# [Topic-models] Topic-models Digest, Vol 28, Issue 2

Mateusz Berezecki mateuszb at gmail.com
Tue Nov 4 04:54:03 EST 2008

Hi,

On Tue, Nov 4, 2008 at 10:28 AM,  <1980er at web.de> wrote:
>>3. Whenever we choose \theta from the Dirichlet(\alpha) distribution
>>we effectively get all but one (as N is assumed to be fixed)
>>parameters for the Multinomial distribution used later on ?

> Yes. And since they have to sum up to one, you have all parameters in fact.
> Not sure what you think it has to do with N (the number of documents). The
> dimensionality of \theta is k. Look at the picture at
> http://en.wikipedia.org/wiki/Image:Dirichlet_distributions.png

Right, my bad.
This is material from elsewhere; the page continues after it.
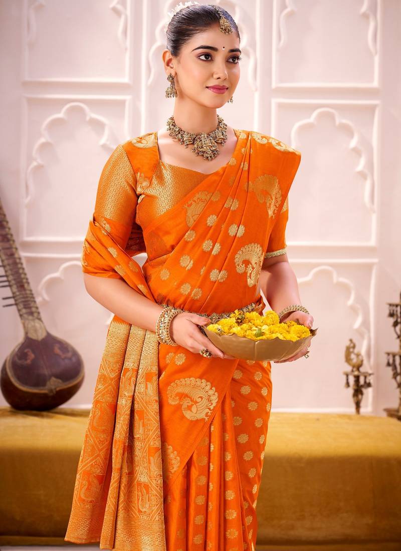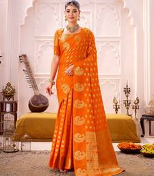 Orange treditional roop silk zari weaving saree

I meant K rather than N.

>>4. Why is p(z_n | \theta) given by \theta_i for the unique i such that
>>z_n^i = 1 ?
> Because \theta = { \theta_1, \theta_2, ..., \theta_n }, where each entry gives
> the probability for one topic. And for topic z_n^i = 1 it is given by
> \theta_i.

So that means there's no possibility of a word belonging to one topic
more than the others?
If a word belongs to a topic, that words belongs to only this topic?
Can this assignment change the next time we notice the same word later
in the document?

>>What steps do we make in order to make the LDA work correctly?
> I do not understand the question.

The part you wrote below answered my question :)
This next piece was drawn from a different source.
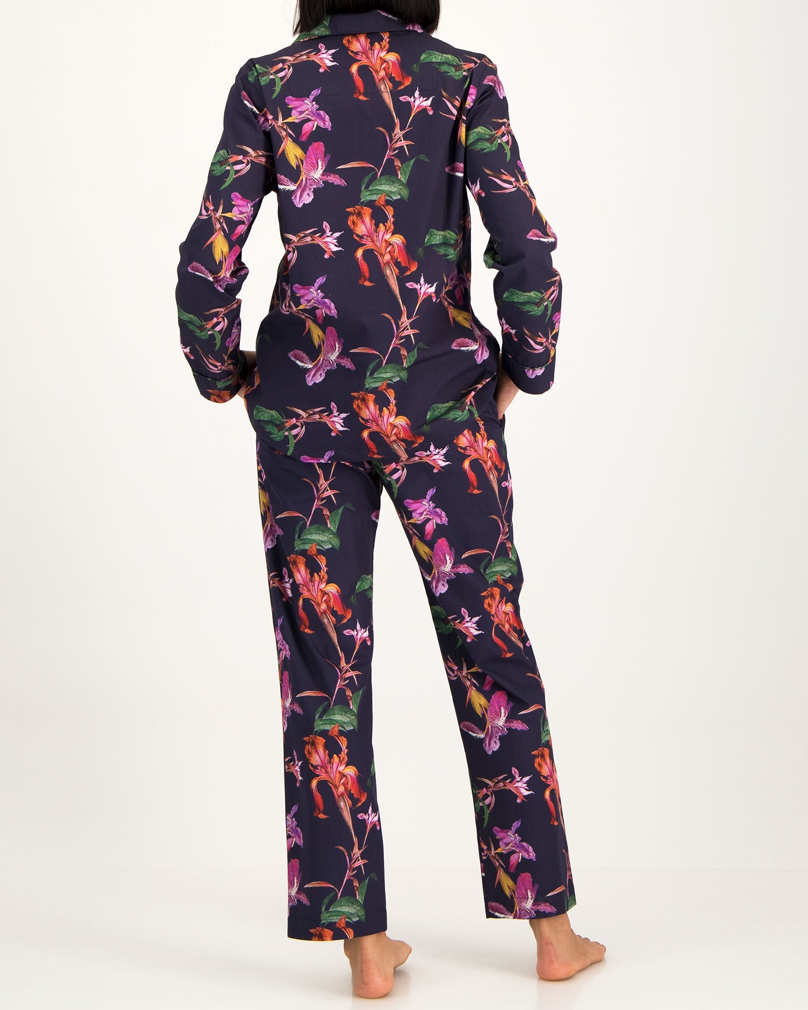 Handcrafted in 100% pure cotton, these women's pyjamas are the epitome of comfort, featuring hand-stitched piping on the rounded collars, pocket and cuffs. And you'll look as good as you feel in our beautifully feminine, but bold and modern, Iris Navy pattern.

>>Estimate parameters and then do inference, or the other way around? I
>>think this is missing in the paper.

> First parameter estimation, then inference. You need the parameters for
> inference.

Please correct me if I am wrong:
the estimation works by estimating \alpha and \beta,
while inference gives me the values of z ?

I'm also curious why the original paper describes inference first,
then estimation...
Any hints?

>>7. Is the LDA-C a 1-1 implementation of what is published in the
>>paper? I was trying to read the code but for the first few passes over
>>the code I don't see any direct mapping to most of the equations
>>published in the paper.

> I do not know. But it had comparable results in a short experiment.

Ok. I'll rephrase a bit more to get more details.

To what part of the paper does lda_mle() function refer to?

best,
Mateusz Berezecki